- Type: Command and control
- Place of origin: India

Service history
- In service: 2009–present
- Used by: Indian Army
- Wars: 2025 India–Pakistan conflict

Production history
- Designer: Directorate General of Information Systems, Indian Army (Project Management Organization); Bharat Electronics; Centre for Artificial Intelligence and Robotics; Armament Research and Development Establishment;
- Manufacturer: Bharat Electronics

= Artillery Combat Command and Control System =

Command and control

The Artillery Combat Command and Control System (ACCCS), under Project SHAKTI (lit. 'Power') is an indigenous, integrated, digitized, networked command and control (C4I) platform developed by the Indian Army's Directorate General of Information Systems (Project Management Organization), in partnership with Bharat Electronics, Centre for Artificial Intelligence and Robotics, and Armament Research and Development Establishment.

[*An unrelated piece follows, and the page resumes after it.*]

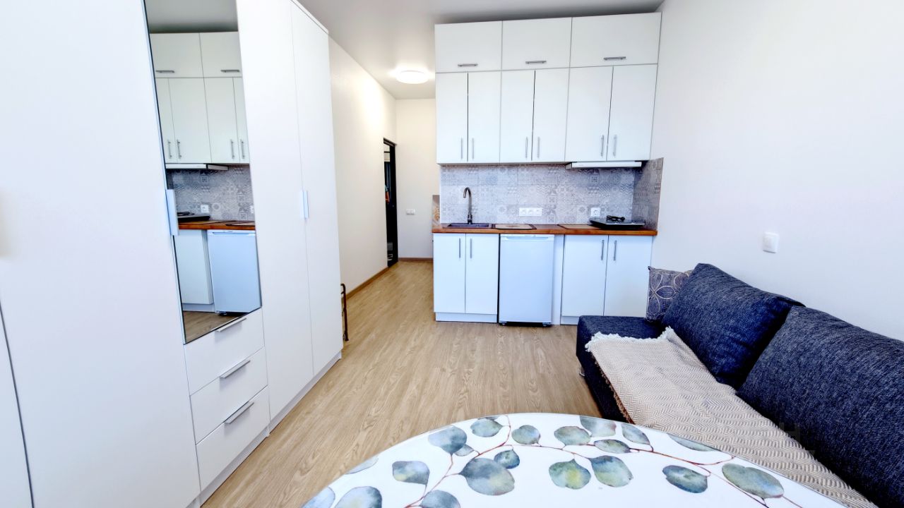 Есть все для проживания: 5-ти створчатый шкаф, раскладной диван, стиральная машина, плита индукционная, чайник, вытяжка, холодильник с морозильной камерой.

ACCCS provides automation and support for operational decision-making, from the corps to the artillery battery. It serves as the nerve centre for Regiment of Artillery's fire power. On June 12, 2009, the ACCCS was handed over to Lieutenant General KR Rao, Director General of Artillery, and General Deepak Kapoor, Chief of the Army Staff.

== System ==
ACCCS performs tactical fire control, fire planning, deployment management to achieve maximum fire densities at important regions, operational logistics management, and technical control based on time and position accuracy. It can deliver hits at key locations with concentrated firepower and concentrate artillery firepower at the tactical scale. It is one of the most efficient operational information systems in the Indian Army, which is constantly being enhanced.' The updated tactical computer, the gun display unit, and the handheld computer are manufactured by Bharat Electronics.

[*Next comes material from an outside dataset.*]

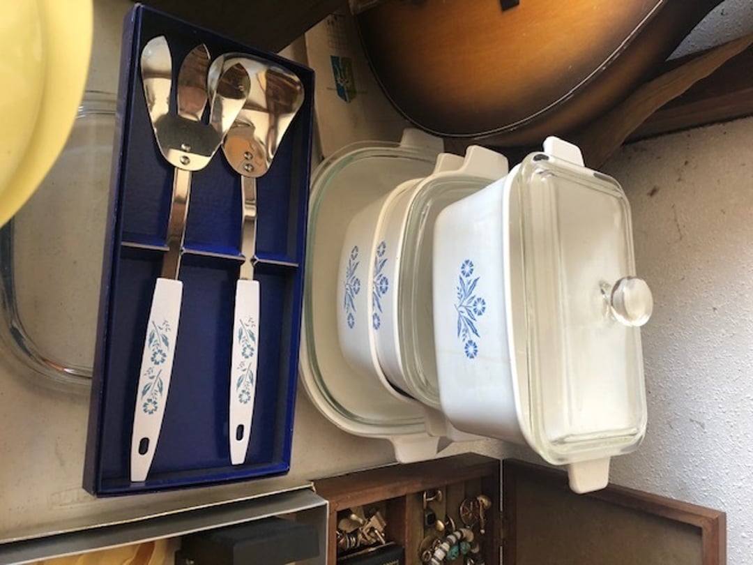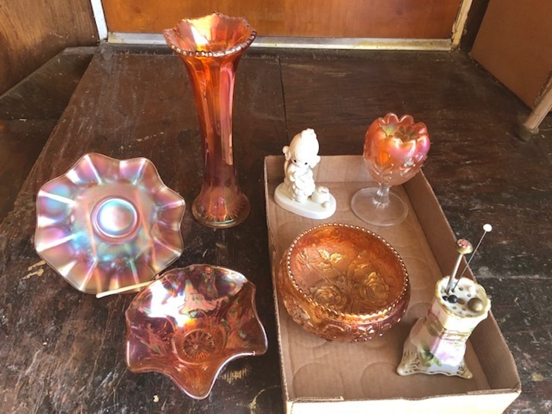 Kitchen Cupboard - Several "Tiner" Tools - Straw Rake - Metal Pet Carrier - (2) Apple Butter Kettles - #32 Wood Washer w/ wringer - Vintage Child's Barn - Sleigh Bells - Fern Tables - Jaqueline China - Ornate Rocker - Child's High Chair/Rocker - Easal - Child's Dresser w/ Glove Boxes - Glovan Maggih Violin - Carnival Glass - (34) Disney Plates - (11) Snow White Maiden Set - (10) Russian Legend Plates - Carnival Water Set - Cameras - Fosteria Platter - Old Fans - Child's Aluminum Tea Set - Laughin Pitcher & Bowl - (5) Flats of Salt (various) - Handmade Quilt - Vintage Baby Clothes - Set of Boonton Dishes - Wooden Slaw Cutter - Mantle & Wall Clocks - Singer Sewing Machine - Crestwood & Oahu Guitars - Salts Copper Boiler - Cold Canners - Crock Jugs - Apple Peeler - Citgo, Marathon, Valvoline, & Standard Metal Cans - Champion Boat Motor - Twin Tubs - Wringer Washer - Old Radios - Jeri Can - Sausage Stuffer - (4) Child's Chairs - Insulators - Amana Fridge with Bottom Freezer - Amana Washer - Maytag Dryer - Comm Natural Gas Dryer - Kitchen Table w/ 4 Chairs - Best Lift Chair - DXC Exercise Bike - Sofa - Sleeper Sofa - Twin Bed - Chest of Drawers - Cedar Chest - Kitchenaid Mixer - Signal Fan - Pots, Pans, Dishes - File Cabinet - Coolers - Hobby Lock 796 Surger - Lots of Christmas - Wagon - Pet Carrier - Scrap Iron - Raspberry Boxes - & MORE!

As of 2007, the project's estimated cost was ₹36 billion. A report from November 22, 2007, stated that ACCCS was having technical problems and that the project was running behind schedule. Foreign assistance has been sought to fix it. BEL denied technical problems and disclosed that the Indian Army had changed the quality criteria for computers and other subsystems in the middle. According to Ministry of Defense sources, BEL bought old computers from Elbit Systems as a temporary measure until local development was finished, for which the Indian Army requested upgrades. The Army Battle Command System provided conceptual framework for Project SHAKTI.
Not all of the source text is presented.